In these disturbing situations, we want to know what is the heart and mind of God? Well, in today’s gospel, Jesus thanks the Father in heaven for revealing to his disciples the wisdom and knowledge of God. What does Jesus' prayer tell us about God? First, it tells us that God is both Father and Lord of earth as well as heaven. All fatherhood and motherhood are derived from him. Jesus' prayer also contains a warning that pride can keep us from the love and knowledge of God. What is pride? It is the too much love of oneself at the expense of others and the exaggerated estimation of one's own learning and importance.

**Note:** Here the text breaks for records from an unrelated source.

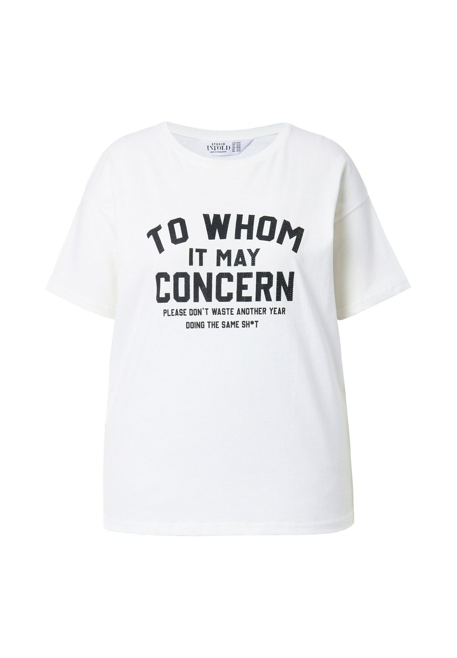Футболка Studio Untold OVERSIZED, SCHRIFT MIT GLITZERSTEINCHEN, Off-White/White
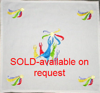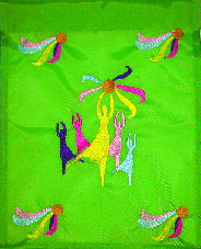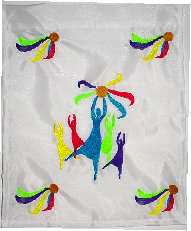 This Matzo Cover (left) is an embroidered, colorful silhouette scene of Miriam dancing with her timbrel (tambourine). It also has embroidered timbrels in the corners. This will make a beautiful accent for your Seder table. It measures 17" x 17". Price: $40.00 |
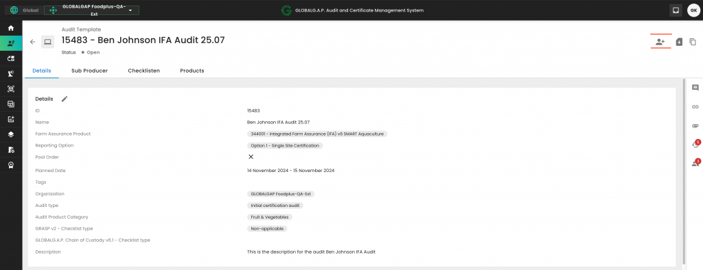 The left-hand side search can be used to search via "Audit IDs", a full-text search or a partial text search, e.g. the GGN or part of the audit/work order title.
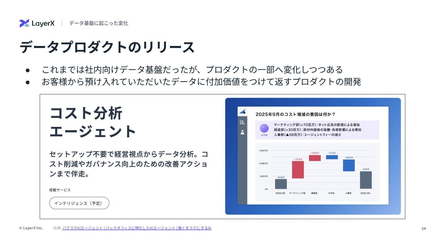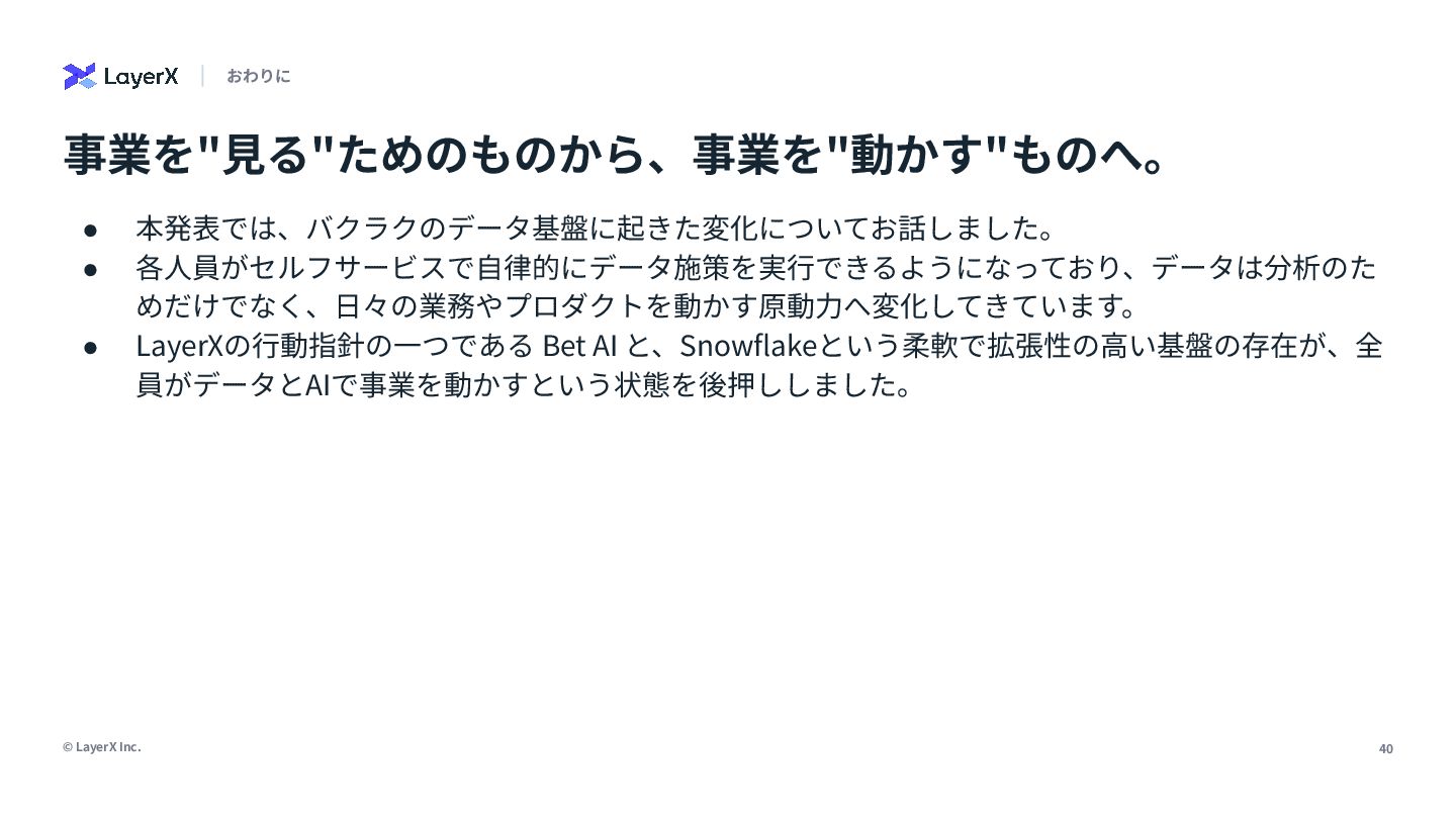 LayerXの⾏動指針の⼀つである Bet AI と、Snowflakeという柔軟で拡張性の⾼い基盤の存在が、全 員がデータとAIで事業を動かすという状態を後押ししました。 事業を"⾒る"ためのものから、事業を"動かす"ものへ。 おわりに
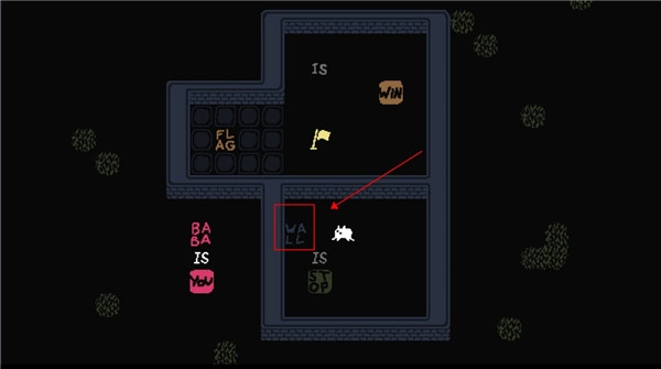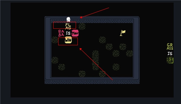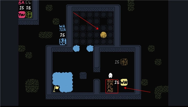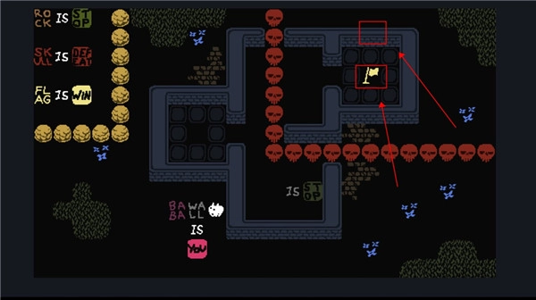 4、更改一下过关条件,让它变成“rock is win”,你便可以不再理会那个旗子。直接触碰石头即可过关。

What makes us ignorant and blind to the things of God? Well, certainly intellectual pride, coldness of heart, and stubbornness of will shut out God and his kingdom. Jesus contrasts intellectual pride with child-like simplicity and humility. Only the humble of heart can receive true wisdom and understanding of God and his ways. Do we submit to God's word with simple trust and humility?
Jesus makes it possible for each of us to personally know God as our Father. To see Jesus is to see what God is like. In Jesus we see the perfect love of God – a God who cares intensely and who yearns over men and women, loving them to the point of laying down his life for them upon the Cross. Jesus also promises that God the Father will hear our prayers when we pray in his name. That is why Jesus taught his followers to pray with confidence, “Our Father who art in heaven ... give us this day our daily bread.” Do we pray to our Father in heaven with joy and confidence?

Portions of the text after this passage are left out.